- SOURCE DATA
——————

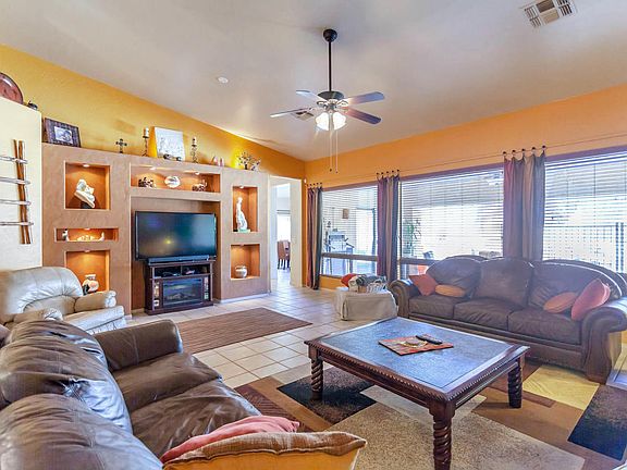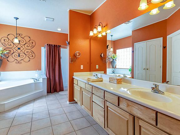 SINGLE STORY 3 CG POOL on a large lot in a beautiful lake subdivision...Vaulted ceiling, media niche, and tile in the living room. Kitchen with island, corian counters, smooth top electric stove, tile, reverse osmosis. Cabinets and sink in the laundry room. Double door entry in one bedroom, wood laminate flooring in all bedrooms, vaulted ceiling in the master and separate exit, walk in closet, double sinks and garden tub and glass block shower. Backyard includes large patio, bbq, & fireplace, fenced pebble tech pool, newer cartridge filter and variable speed pump. Solar lease, owned solar hot water heater, water softener, insulated attic. 3 car garage with separate exit.
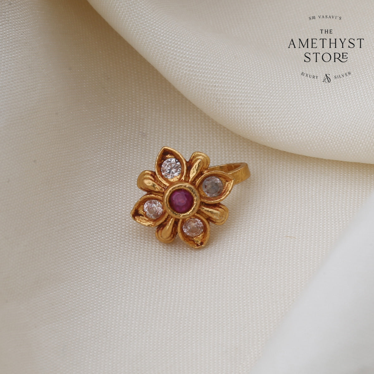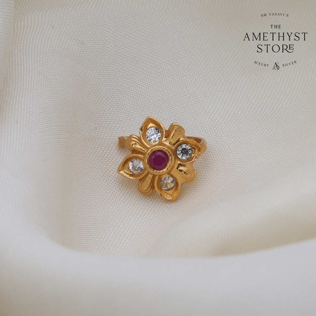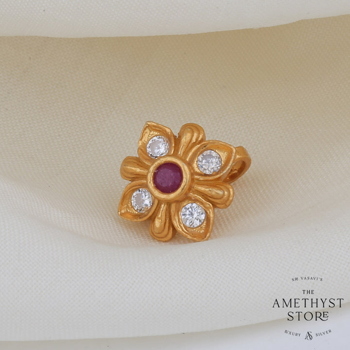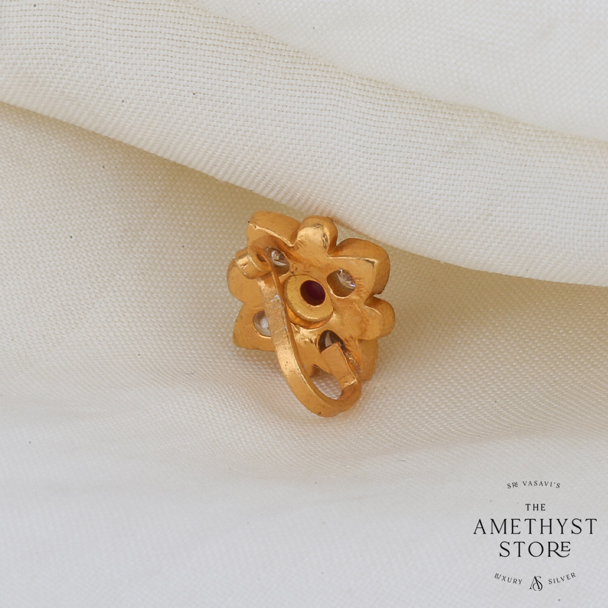 This nose pin is crafted with 92.5 sterling silver and 24-karat gold plating, containing semi-precious stones.
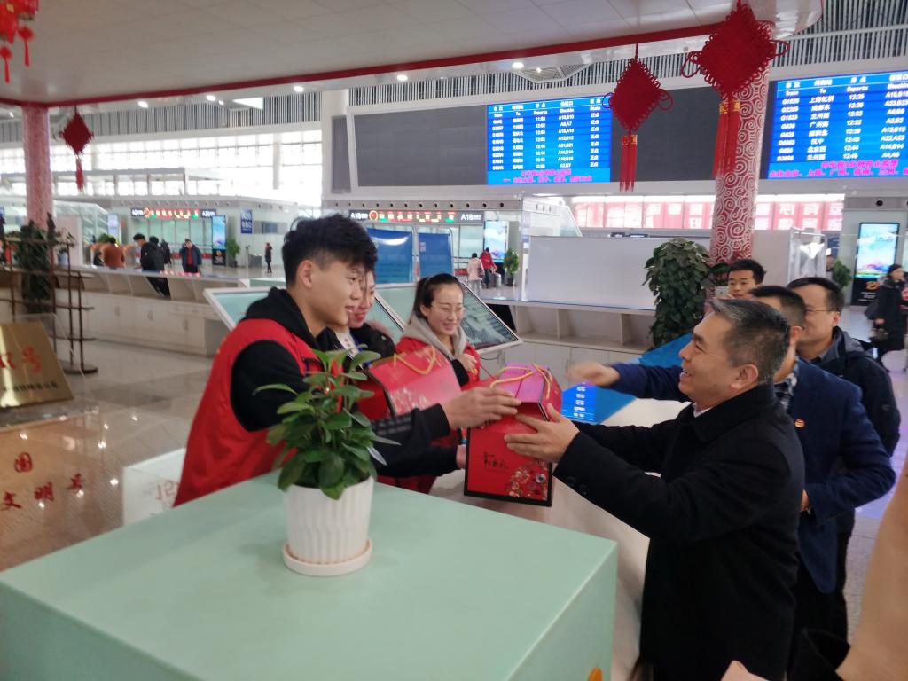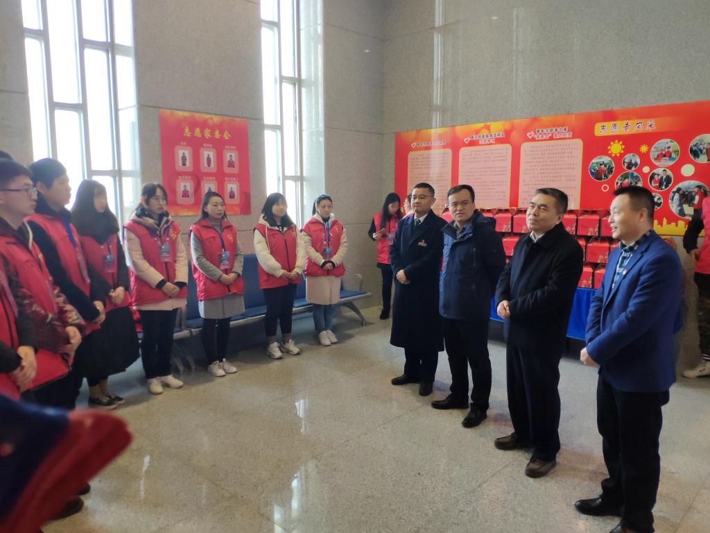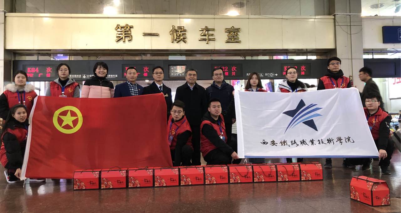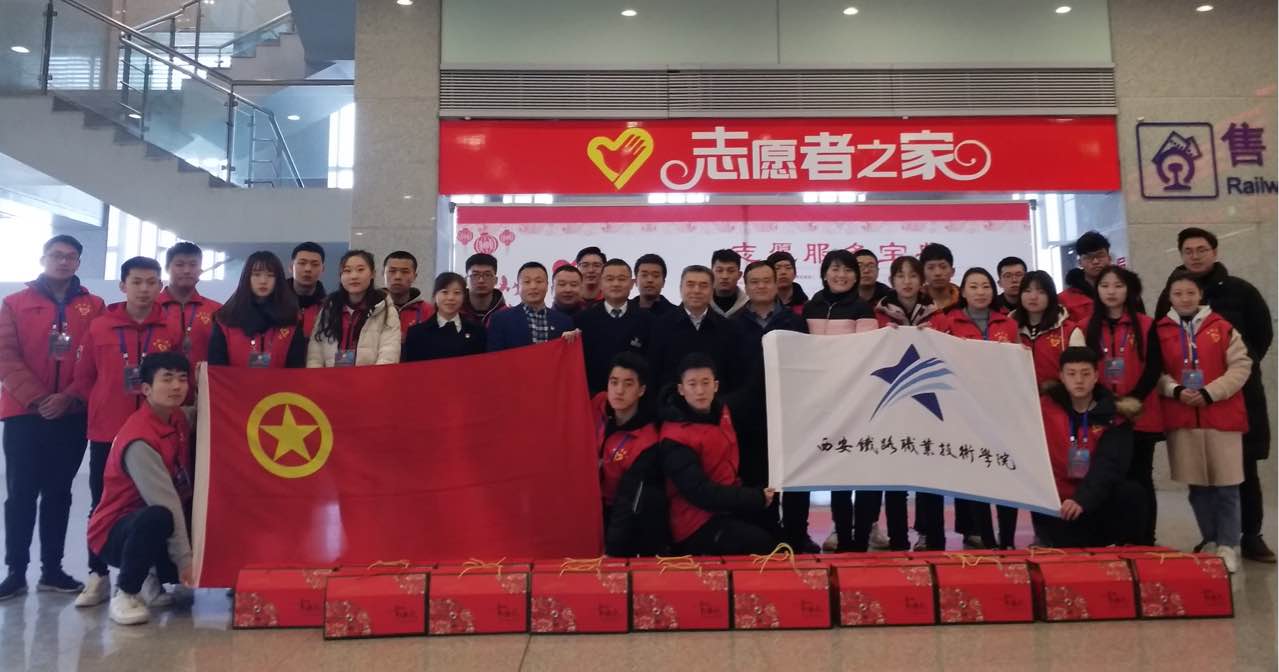 2月1日,临近春节,鸭脖党委副书记、纪委书记黄家昌带领学院团委相关人员在中国铁路西安局集团有限公司团委书记赵永的陪同下,先后来到西安站与西安北站亲切慰问了鸭脖寒假期间服务2019年春运“暖冬行动”的志愿者。

——————

- WORK INSTRUCTION
Write every line above out again exactly; pictures do not belong in the copy.

- WRITTEN REPLY
 SINGLE STORY 3 CG POOL on a large lot in a beautiful lake subdivision...Vaulted ceiling, media niche, and tile in the living room. Kitchen with island, corian counters, smooth top electric stove, tile, reverse osmosis. Cabinets and sink in the laundry room. Double door entry in one bedroom, wood laminate flooring in all bedrooms, vaulted ceiling in the master and separate exit, walk in closet, double sinks and garden tub and glass block shower. Backyard includes large patio, bbq, & fireplace, fenced pebble tech pool, newer cartridge filter and variable speed pump. Solar lease, owned solar hot water heater, water softener, insulated attic. 3 car garage with separate exit.
 This nose pin is crafted with 92.5 sterling silver and 24-karat gold plating, containing semi-precious stones.
 2月1日,临近春节,鸭脖党委副书记、纪委书记黄家昌带领学院团委相关人员在中国铁路西安局集团有限公司团委书记赵永的陪同下,先后来到西安站与西安北站亲切慰问了鸭脖寒假期间服务2019年春运“暖冬行动”的志愿者。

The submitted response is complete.